Espen cuelga las bolsas de las sillas; ya había preparado los caballos. Line mira con cariño a los robustos animales, que dócilmente hacen lo que se exige de ellos, incluso a la una de la madrugada. Los sacan al patio, donde sus cascos no hacen ruido en el barro. En todo Himmelvanger no hay una sola luz, pero llevan de las riendas a los caballos hasta un bosquecillo de abedules jóvenes, a resguardo de la vista de las ventanas. Espen ayuda a los niños y Line a montar y él se encarama a la silla, detrás de Torbin. Line lleva una brújula robada.

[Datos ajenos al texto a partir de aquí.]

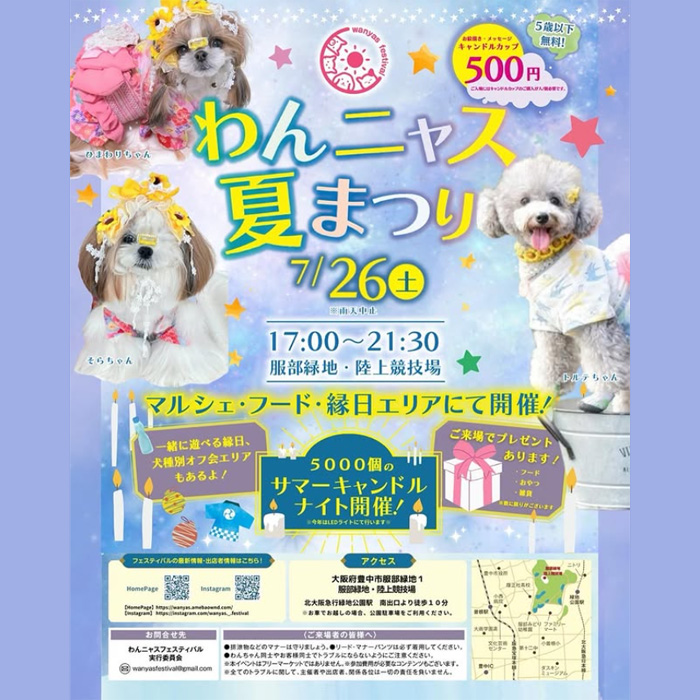 大阪府豊中市、服部緑地・陸上競技場にて「第3回 わんニャス夏祭り」が2025年7月26日(土)に開催。
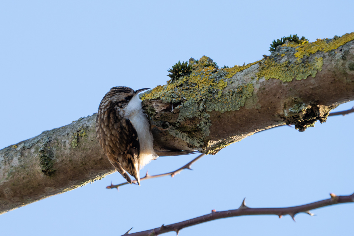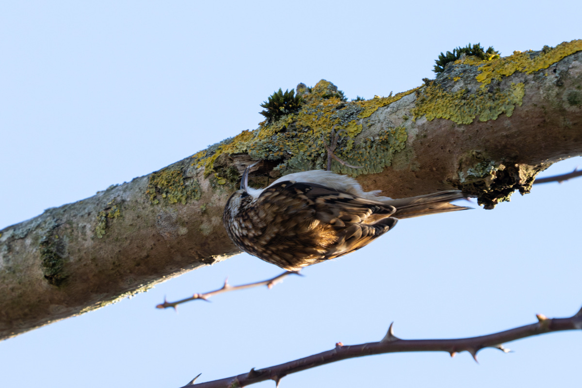 If you look very closely at the photo below, you can see a small white grub, presumably clinging on for dear life, in the Treecreeper’s beak.

—Primero iremos hacia el sudeste. —Ella levanta la cabeza—. Mira las estrellas. Nos ayudarán a orientarnos. Iremos hacia aquélla.

—¿No vas a pedir a Dios que bendiga el viaje? —Torbin se vuelve hacia su madre. A veces es un poco pedante, siempre deseoso de hacer lo correcto, y ha vivido tres años en Himmelvanger, donde casi no puedes dar un paso sin rezar una oración.

—Claro que sí. Ahora iba a hacerlo.

Espen tira de las riendas e inclina la cabeza. Musita rápidamente la plegaria, como si los piadosos oídos de Per pudieran captar los rezos en kilómetros a la redonda.

—Que el Señor Nuestro Dios, Rey de los Cielos y la Tierra, que a todos nos ve y protege, bendiga nuestro viaje, nos libre de mal y nos guíe por el buen camino. Amén.

Line hinca los talones en los flancos del caballo. La oscura masa de Himmelvanger va empequeñeciéndose a su espalda. Con el cielo despejado, hace más frío que ayer. Se han ido justo a tiempo.